Грациозная фигура девушки, одинокость у гроба, молодость, искренняя и тихая скорбь, ласки, расточаемые ею покойнице, подавляемые рыдания – всё это обратило внимание присутствующих на девушку. Как при пышных похоронах жалеешь о покойнике, мало думая о провожающих его, которым он, верно, оставил хорошее утешение, так точно при виде бедных похорон вдвое больнее сжимается сердце за сопровождающих гроб.
Девушка, казалось, забыла всё и всех; она спешила ласкать покойницу, поминутно целуя ее оледенелые руки и лицо, обливая их слезами. Федор Андреич, внеся гроб в церковь, невольно сделался как бы участником в бедных похоронах. К нему обращались с вопросами, и так как спутница девушки исчезла, то ему пришлось сделать некоторые распоряжения.

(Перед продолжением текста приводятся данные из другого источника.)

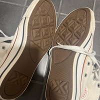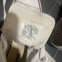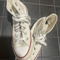 Classic white Converse high top sneakers, worn a few times, good condition, but need to be cleaned. Logo is a bit off and on the back (see pics), otherwise totally good.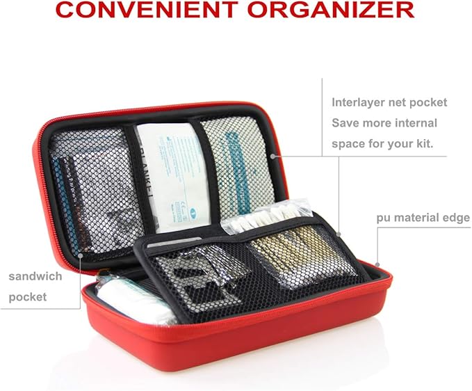 - [STRONG AND DURABLE] Compact High-end first aid kit (8.26"×4.7"×2.8"). Using EVA mold case that is Lightweight(1.2 pounds)and not easily deformed. The PU surface is smooth, waterproof and easy to clean with Waterproof. Eva lives longer than a nylon pack, and you can safely use it for many years.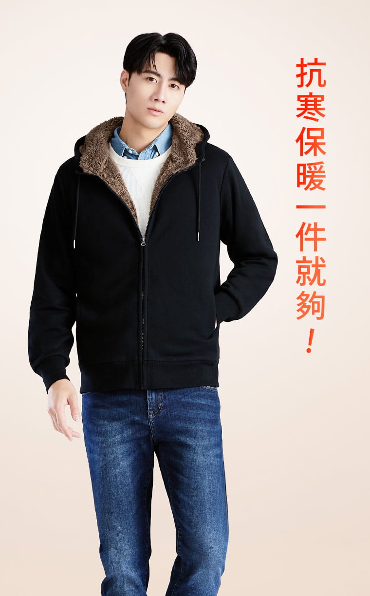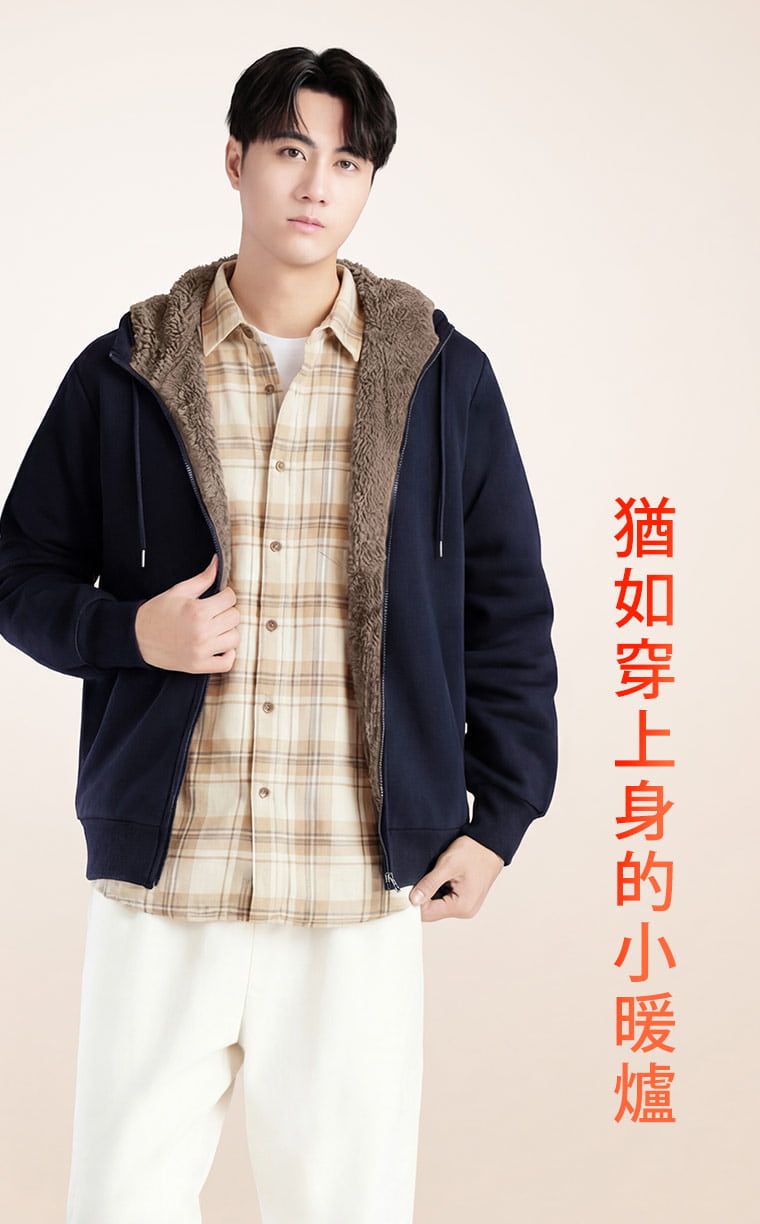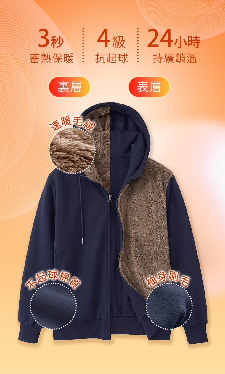 +℃ 極速暖毛絨抗寒保暖連帽外套-男裝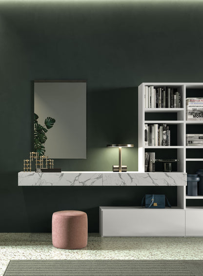 - Finish shown (images): Bookcase in Bianco melamine with Teka glass, Apuano marble melamine back, Piombo lacquer TV stand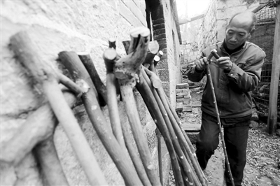 11月24日,河南鹤壁,位于太行山东麓浅山区的河南鹤壁淇滨区桑园村,年过六旬的张斗贵随着当地旅游扶贫小镇的开发,依靠自己从山上捡回的枯木手工制作成拐棍,卖给登山游客。不仅增收,还脱了贫,如今他综合年收入近万元。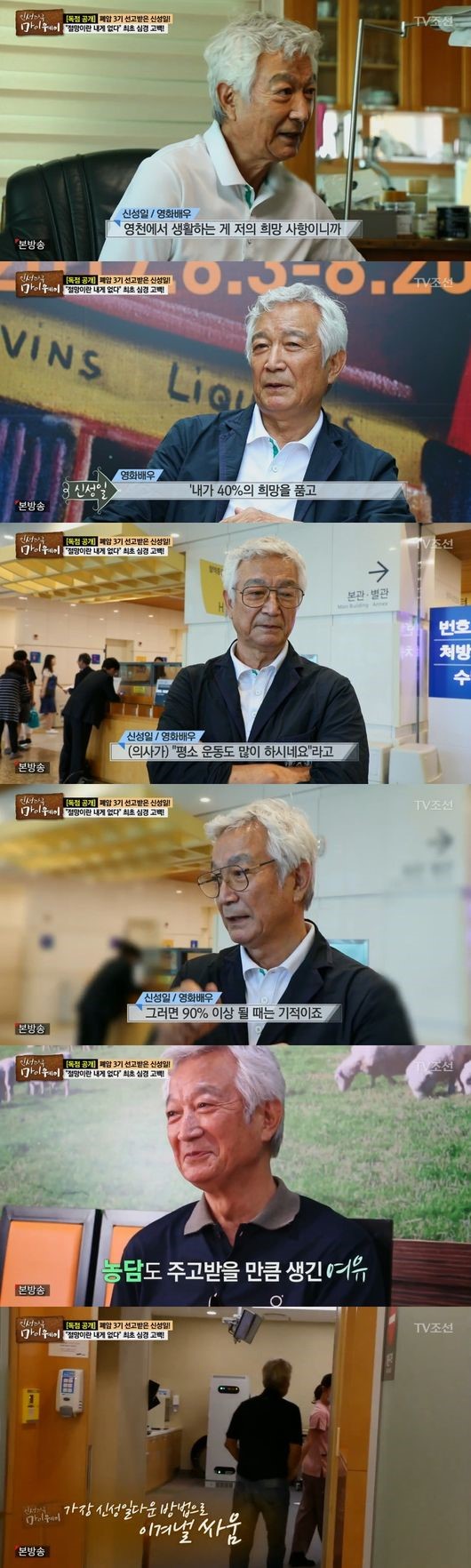 여든이 넘은 신성일은 "적합한 수술을 하고 거기에 맞는 항암 요법을 잘하면 30~40% 회복률이 있을 것"이라는 의사의 말에도 자신의 회복 가능성을 80% 이상이라고 잡았다. 스스로 이겨내겠다며 기적을 다짐했다.
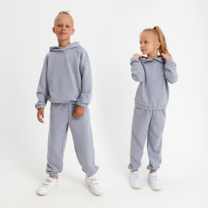 Костюм детский (худи, брюки) MINAKU цвет светло-серый меланж, рост 140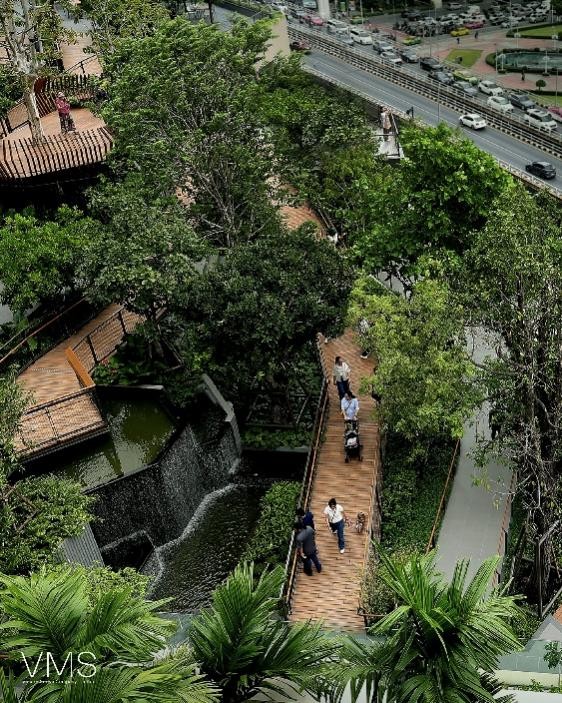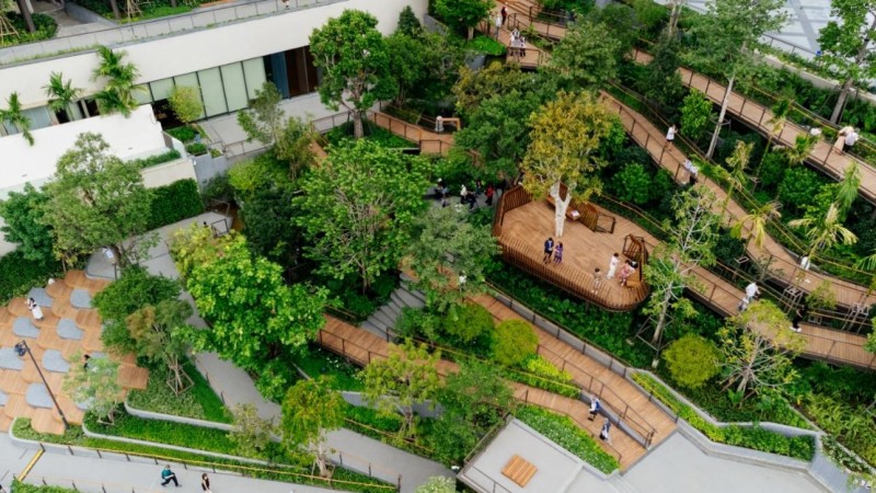 项目中最具标志性的公共空间之一,是向公众开放的 Dusit Arun Park。这是一座位于综合体上方的大型空中公园,占地逾万平方米,是泰国规模最大的城市屋顶公园。公园整体以“城市绿洲”为理念,规划了多条步行路径、观景平台、草坪与休憩空间,并通过大量热带植物景观,弱化高密度城市带来的压迫感。依托立体景观设计,公园将城市、自然与人重新连接在一起。

Началось отпевание; плач, крики огласили церковь, и, после продолжительного прощания, покойников поочередно понесли из церкви с плачем и унылым пением.

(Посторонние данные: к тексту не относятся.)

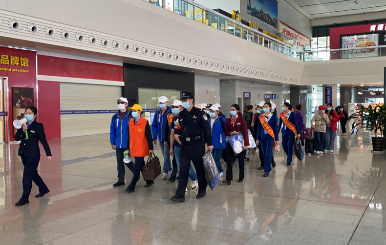 图为南宁东站的“红三角党建联盟”服务队引导广西考生进站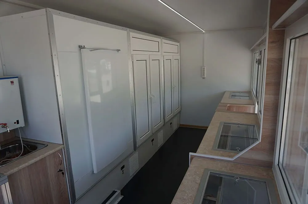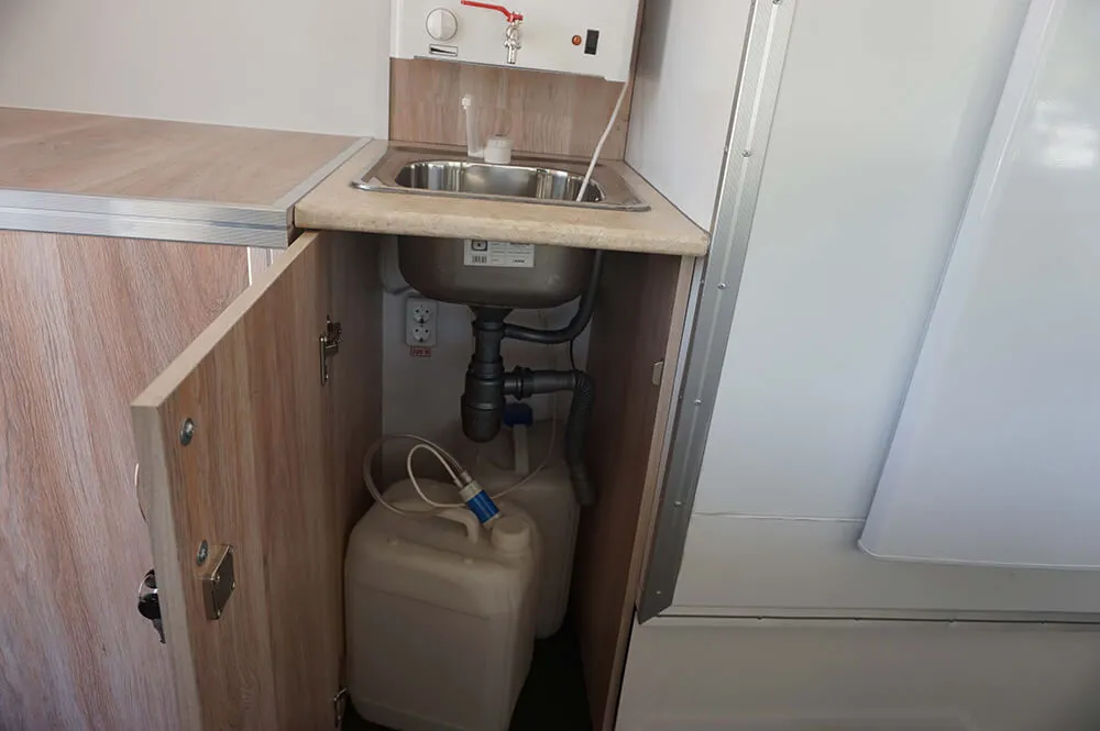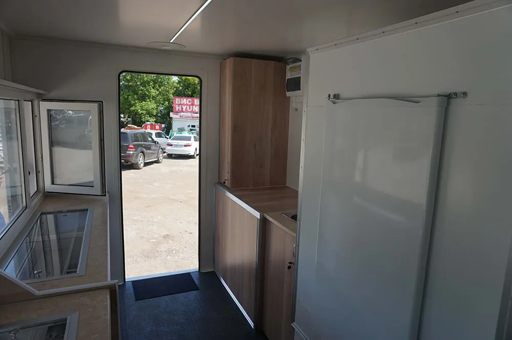 Внутренние размеры фургона 4700х2080х2030 мм или могут быть увеличены. Передвижной магазин представляет собой шасси с автолавкой, которая включает в себя удобный холодильный шкаф с витриной и гардеробный шкаф с дверью. В ДЖАК 80 предусмотрено автономное водоснабжение.

Девушка еще в начале панихиды страшно побледнела и впала в какое-то остолбенение. Церковь опустела, пение слышалось еще, но становилось всё тише и тише, наконец совершенно замолкло. Девушка пошатнулась и упала без чувств у гроба.
Федор Андреич уже был в дверях, чтоб идти за богатым гробом, как одна из нищих, стоявших у дверей, дернув его за рукав, сказала:
– Глянь-ка, барин, твоя, что ль, упала?
Федор Андреич, воображая, что нищая просит милостыню, проговорил:
– Бог подаст!
– Да о девушке тебе говорю, ты, кажись, гроб внес, так с ней что-то приключилось.
Федору Андреичу страшно надоели его приключения; он остановился на паперти и смотрел на удаляющиеся богатые похороны, в раздумье – идти ли вперед или назад.
– Посторонитесь! эй, вы! – раздался резкий голос позади него.
То был церковный служитель, пробивавшийся в дверях между нищими; на его руках лежала без чувств девушка.
Федор Андреич подошел к ней. Служитель спросил его:
– Не из ваших ли?
– Нет! – отвечал он, глядя, как служитель своими грубыми руками поддерживал маленькую бледную головку девушки и вопросительно осматривался, куда бы ее положить. Крякнув, он опустил ее на камень, махнул рукой и встал с коленей.
– Куда же ты? – сердито спросил Федор Андреич.
– Мне некогда, – отвечал служитель и пошел.
Федор Андреич глядел на девушку нерешительно. Нищие, как вороны, сбегались к несчастной.
– Кажись, она богу душу отдала! Смотри-ка, Кондратьевна, точь-в-точь алебастровая! – воскликнула одна из нищих.
Кондратьевна была одета в черный коленкоровый салоп и повязана черной косынкой; она с убийственной холодностью нагнулась к лицу девушки и будто с сожалением смотрела на нее, и между тем жилистая рука старухи скользнула в карман платья девушки.
Хромой нищий, мальчишка, запыхавшись, подскочил тоже к толпе, стуча своим костылем, и крикнул:
– Небывалая покойница – пешком сюда пришла! А зачем платок тащишь! – прибавил он.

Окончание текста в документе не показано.